AIM OF THE EXERCISE:
Transcribe word for word the section of the records below that opens with the line containing "럭셔리 디테일: 양 끝단의 정교한 버버리 레터링 로고와 클래식한 프런지(술) 장식" and closes with the line containing "Sonos Arc Ultra"; drop every picture.

SUPPLIED INFORMATION:
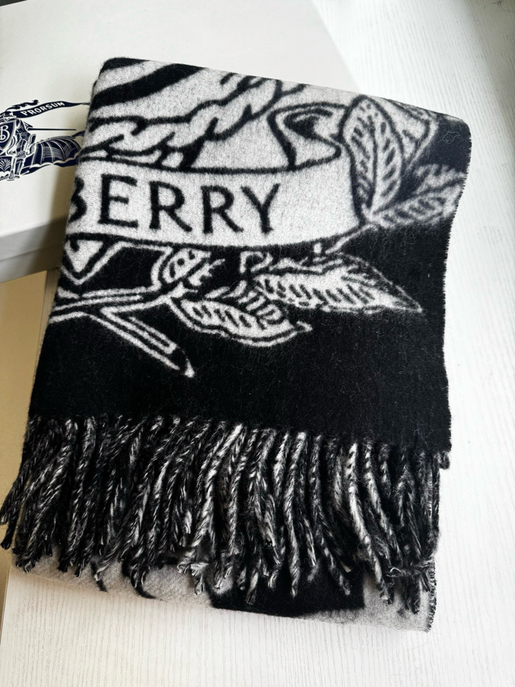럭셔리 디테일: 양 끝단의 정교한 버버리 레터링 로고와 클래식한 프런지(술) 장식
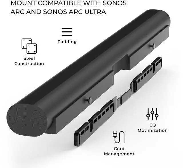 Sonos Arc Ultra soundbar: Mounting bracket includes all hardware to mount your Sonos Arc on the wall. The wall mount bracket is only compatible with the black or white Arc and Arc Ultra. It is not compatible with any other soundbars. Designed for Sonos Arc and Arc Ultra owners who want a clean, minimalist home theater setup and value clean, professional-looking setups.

---

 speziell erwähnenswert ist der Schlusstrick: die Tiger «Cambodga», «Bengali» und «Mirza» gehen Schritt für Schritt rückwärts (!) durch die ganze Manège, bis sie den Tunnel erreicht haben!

...

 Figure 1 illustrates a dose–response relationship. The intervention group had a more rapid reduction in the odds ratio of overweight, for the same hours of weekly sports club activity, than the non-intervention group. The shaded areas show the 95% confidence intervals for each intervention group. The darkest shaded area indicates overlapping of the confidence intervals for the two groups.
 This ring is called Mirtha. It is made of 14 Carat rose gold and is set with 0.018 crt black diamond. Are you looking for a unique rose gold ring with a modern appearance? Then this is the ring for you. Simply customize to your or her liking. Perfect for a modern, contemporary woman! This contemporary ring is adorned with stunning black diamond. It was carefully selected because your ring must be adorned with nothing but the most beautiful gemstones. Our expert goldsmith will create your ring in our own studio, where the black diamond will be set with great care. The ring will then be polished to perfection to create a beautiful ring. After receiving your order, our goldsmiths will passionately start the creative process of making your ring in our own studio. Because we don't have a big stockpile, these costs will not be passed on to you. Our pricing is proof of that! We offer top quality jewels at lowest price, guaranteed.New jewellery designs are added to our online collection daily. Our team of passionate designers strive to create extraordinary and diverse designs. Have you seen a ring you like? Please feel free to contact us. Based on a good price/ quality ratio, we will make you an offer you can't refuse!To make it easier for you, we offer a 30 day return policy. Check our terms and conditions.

ANSWER TO THE PROBLEM:
럭셔리 디테일: 양 끝단의 정교한 버버리 레터링 로고와 클래식한 프런지(술) 장식
 Sonos Arc Ultra soundbar: Mounting bracket includes all hardware to mount your Sonos Arc on the wall. The wall mount bracket is only compatible with the black or white Arc and Arc Ultra. It is not compatible with any other soundbars. Designed for Sonos Arc and Arc Ultra owners who want a clean, minimalist home theater setup and value clean, professional-looking setups.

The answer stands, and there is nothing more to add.